=== Begin Enclosure ===

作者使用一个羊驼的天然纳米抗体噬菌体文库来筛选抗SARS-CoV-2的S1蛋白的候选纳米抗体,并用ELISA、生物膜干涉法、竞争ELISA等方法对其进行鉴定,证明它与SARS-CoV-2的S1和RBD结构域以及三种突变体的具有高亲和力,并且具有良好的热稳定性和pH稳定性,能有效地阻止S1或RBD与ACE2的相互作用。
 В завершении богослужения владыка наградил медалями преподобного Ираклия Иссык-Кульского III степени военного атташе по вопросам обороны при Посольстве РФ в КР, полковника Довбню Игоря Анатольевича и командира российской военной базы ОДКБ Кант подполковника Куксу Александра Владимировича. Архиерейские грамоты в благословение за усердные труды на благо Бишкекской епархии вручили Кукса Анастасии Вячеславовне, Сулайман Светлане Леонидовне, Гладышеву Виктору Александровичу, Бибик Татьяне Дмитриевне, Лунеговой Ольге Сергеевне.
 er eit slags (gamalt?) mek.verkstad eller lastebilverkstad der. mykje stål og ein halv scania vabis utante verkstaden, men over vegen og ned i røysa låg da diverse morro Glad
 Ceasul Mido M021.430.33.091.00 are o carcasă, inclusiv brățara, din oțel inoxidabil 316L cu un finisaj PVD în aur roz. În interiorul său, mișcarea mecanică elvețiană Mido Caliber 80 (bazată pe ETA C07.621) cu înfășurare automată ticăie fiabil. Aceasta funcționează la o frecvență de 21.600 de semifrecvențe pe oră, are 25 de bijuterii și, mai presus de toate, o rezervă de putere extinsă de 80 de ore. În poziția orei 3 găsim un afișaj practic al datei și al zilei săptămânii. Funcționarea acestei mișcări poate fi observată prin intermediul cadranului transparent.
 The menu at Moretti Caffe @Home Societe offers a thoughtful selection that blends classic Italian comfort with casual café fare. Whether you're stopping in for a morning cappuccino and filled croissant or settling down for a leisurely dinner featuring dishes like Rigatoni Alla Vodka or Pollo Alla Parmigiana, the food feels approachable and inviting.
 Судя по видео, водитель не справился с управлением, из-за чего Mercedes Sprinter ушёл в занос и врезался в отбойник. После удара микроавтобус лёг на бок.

=== End Enclosure ===
=== Begin Enclosure ===

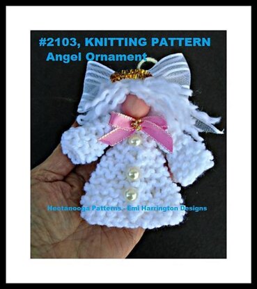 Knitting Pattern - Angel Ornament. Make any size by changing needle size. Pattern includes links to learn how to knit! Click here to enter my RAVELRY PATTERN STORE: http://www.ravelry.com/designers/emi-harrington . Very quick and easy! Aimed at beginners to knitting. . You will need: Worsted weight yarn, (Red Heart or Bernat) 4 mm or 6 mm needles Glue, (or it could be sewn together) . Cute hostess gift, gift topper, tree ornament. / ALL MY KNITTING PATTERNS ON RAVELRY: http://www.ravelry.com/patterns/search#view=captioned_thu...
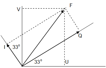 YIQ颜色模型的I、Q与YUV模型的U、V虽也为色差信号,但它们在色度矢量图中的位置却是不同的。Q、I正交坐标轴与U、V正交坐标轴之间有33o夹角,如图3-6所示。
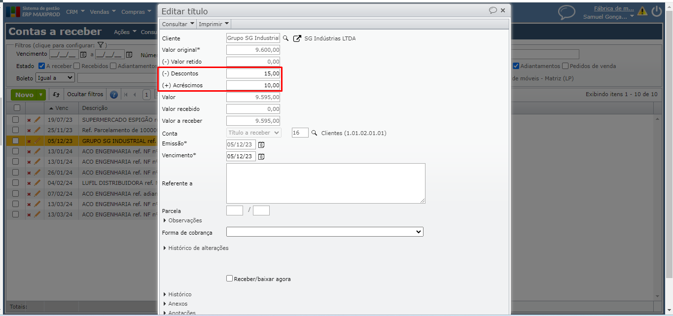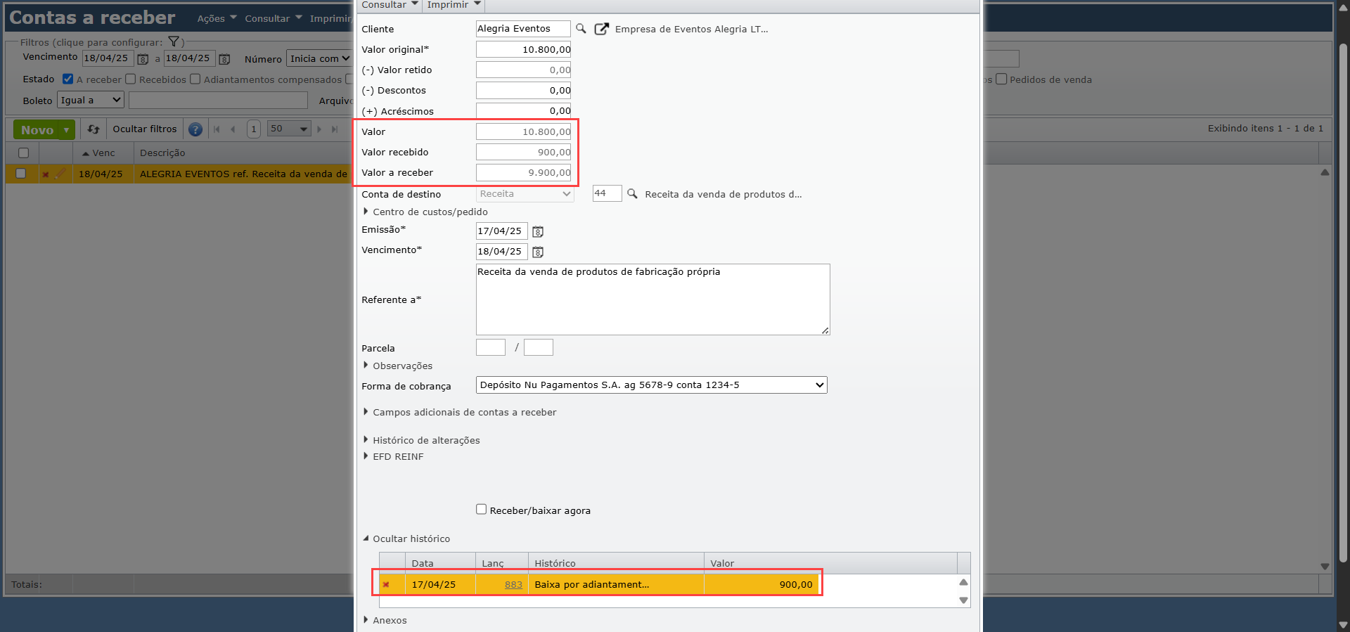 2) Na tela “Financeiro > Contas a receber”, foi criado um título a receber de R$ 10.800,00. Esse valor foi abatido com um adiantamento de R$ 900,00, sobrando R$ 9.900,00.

=== End Enclosure ===

Aim of the exercise:
Retype exactly the lines above, from the one with "Ceasul Mido M021.430.33.091.00" through the one with "Судя по видео, водитель", inclusive.

Finished exercise:
 Ceasul Mido M021.430.33.091.00 are o carcasă, inclusiv brățara, din oțel inoxidabil 316L cu un finisaj PVD în aur roz. În interiorul său, mișcarea mecanică elvețiană Mido Caliber 80 (bazată pe ETA C07.621) cu înfășurare automată ticăie fiabil. Aceasta funcționează la o frecvență de 21.600 de semifrecvențe pe oră, are 25 de bijuterii și, mai presus de toate, o rezervă de putere extinsă de 80 de ore. În poziția orei 3 găsim un afișaj practic al datei și al zilei săptămânii. Funcționarea acestei mișcări poate fi observată prin intermediul cadranului transparent.
 The menu at Moretti Caffe @Home Societe offers a thoughtful selection that blends classic Italian comfort with casual café fare. Whether you're stopping in for a morning cappuccino and filled croissant or settling down for a leisurely dinner featuring dishes like Rigatoni Alla Vodka or Pollo Alla Parmigiana, the food feels approachable and inviting.
 Судя по видео, водитель не справился с управлением, из-за чего Mercedes Sprinter ушёл в занос и врезался в отбойник. После удара микроавтобус лёг на бок.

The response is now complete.